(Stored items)
━━━━━━━━

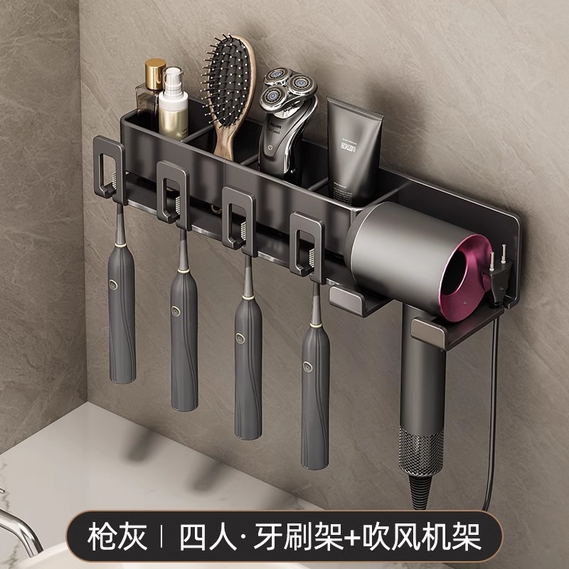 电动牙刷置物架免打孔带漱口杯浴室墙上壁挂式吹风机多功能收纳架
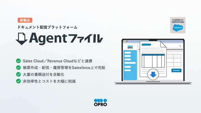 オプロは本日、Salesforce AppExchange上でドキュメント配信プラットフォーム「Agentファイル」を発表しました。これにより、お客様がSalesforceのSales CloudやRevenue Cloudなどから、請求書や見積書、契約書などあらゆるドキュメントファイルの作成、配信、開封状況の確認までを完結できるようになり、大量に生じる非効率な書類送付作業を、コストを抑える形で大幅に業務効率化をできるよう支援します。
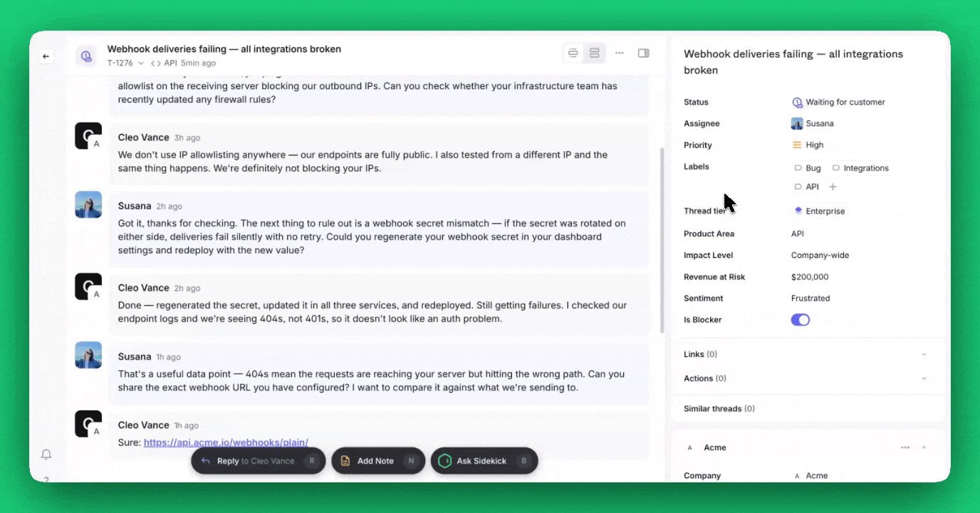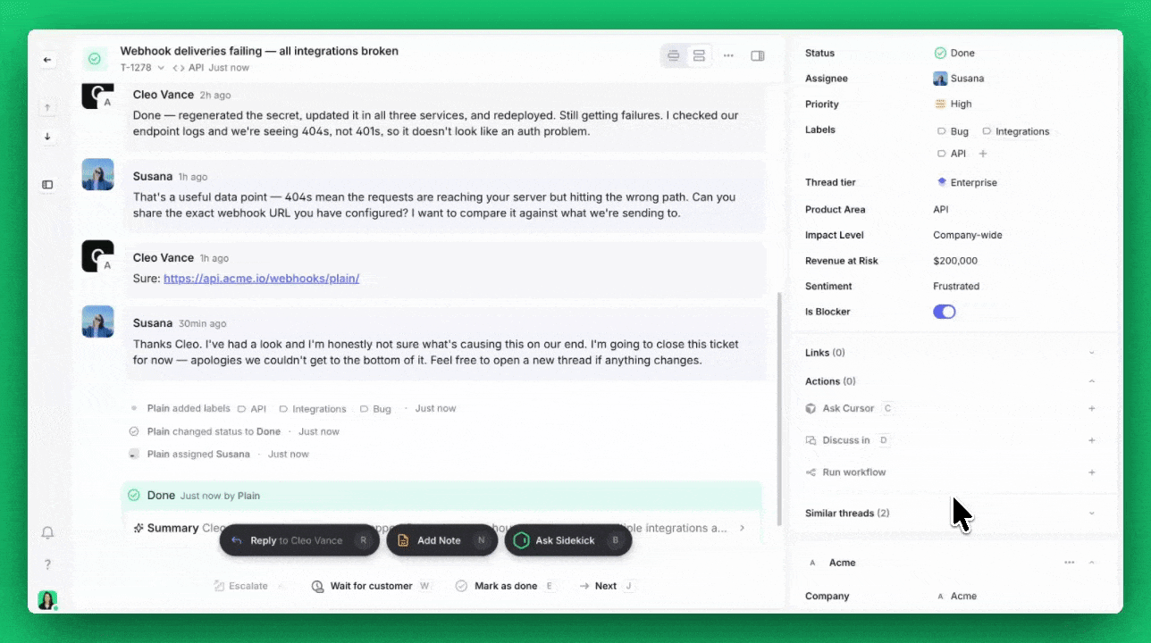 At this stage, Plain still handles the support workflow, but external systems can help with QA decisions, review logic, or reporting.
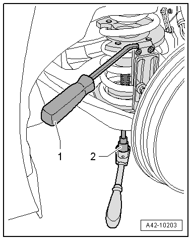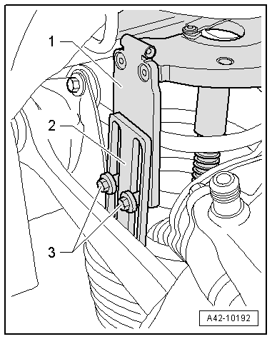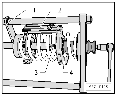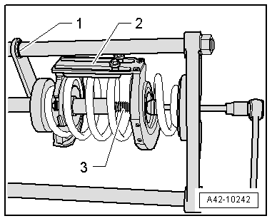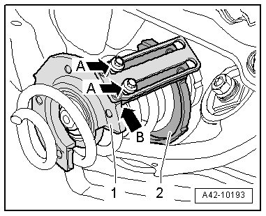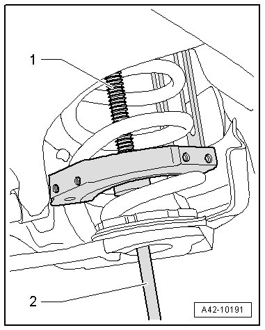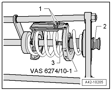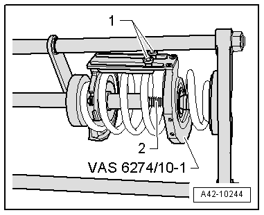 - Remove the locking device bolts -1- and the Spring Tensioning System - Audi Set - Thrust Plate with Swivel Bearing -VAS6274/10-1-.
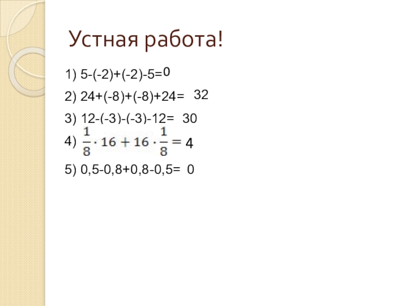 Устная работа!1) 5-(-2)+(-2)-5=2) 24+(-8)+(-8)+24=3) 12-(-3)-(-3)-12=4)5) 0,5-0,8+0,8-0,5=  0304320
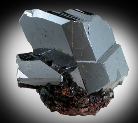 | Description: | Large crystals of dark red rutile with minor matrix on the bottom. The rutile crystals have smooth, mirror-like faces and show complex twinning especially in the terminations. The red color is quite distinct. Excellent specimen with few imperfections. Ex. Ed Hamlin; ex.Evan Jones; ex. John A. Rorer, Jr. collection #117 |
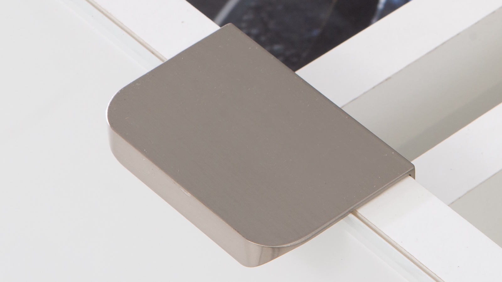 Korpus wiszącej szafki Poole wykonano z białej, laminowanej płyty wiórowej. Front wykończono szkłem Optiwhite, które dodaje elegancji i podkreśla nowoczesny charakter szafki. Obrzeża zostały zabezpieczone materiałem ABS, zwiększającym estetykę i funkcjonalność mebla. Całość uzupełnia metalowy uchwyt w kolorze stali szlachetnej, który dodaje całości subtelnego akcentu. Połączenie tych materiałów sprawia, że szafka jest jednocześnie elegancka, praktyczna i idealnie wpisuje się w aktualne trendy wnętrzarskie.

━━━━━━━━

### Instructions for the task:
The expected answer is the data retyped exactly, without pictures.

### Written answer:
 电动牙刷置物架免打孔带漱口杯浴室墙上壁挂式吹风机多功能收纳架
 オプロは本日、Salesforce AppExchange上でドキュメント配信プラットフォーム「Agentファイル」を発表しました。これにより、お客様がSalesforceのSales CloudやRevenue Cloudなどから、請求書や見積書、契約書などあらゆるドキュメントファイルの作成、配信、開封状況の確認までを完結できるようになり、大量に生じる非効率な書類送付作業を、コストを抑える形で大幅に業務効率化をできるよう支援します。
 At this stage, Plain still handles the support workflow, but external systems can help with QA decisions, review logic, or reporting.
 - Remove the locking device bolts -1- and the Spring Tensioning System - Audi Set - Thrust Plate with Swivel Bearing -VAS6274/10-1-.
 Устная работа!1) 5-(-2)+(-2)-5=2) 24+(-8)+(-8)+24=3) 12-(-3)-(-3)-12=4)5) 0,5-0,8+0,8-0,5=  0304320
 | Description: | Large crystals of dark red rutile with minor matrix on the bottom. The rutile crystals have smooth, mirror-like faces and show complex twinning especially in the terminations. The red color is quite distinct. Excellent specimen with few imperfections. Ex. Ed Hamlin; ex.Evan Jones; ex. John A. Rorer, Jr. collection #117 |
 Korpus wiszącej szafki Poole wykonano z białej, laminowanej płyty wiórowej. Front wykończono szkłem Optiwhite, które dodaje elegancji i podkreśla nowoczesny charakter szafki. Obrzeża zostały zabezpieczone materiałem ABS, zwiększającym estetykę i funkcjonalność mebla. Całość uzupełnia metalowy uchwyt w kolorze stali szlachetnej, który dodaje całości subtelnego akcentu. Połączenie tych materiałów sprawia, że szafka jest jednocześnie elegancka, praktyczna i idealnie wpisuje się w aktualne trendy wnętrzarskie.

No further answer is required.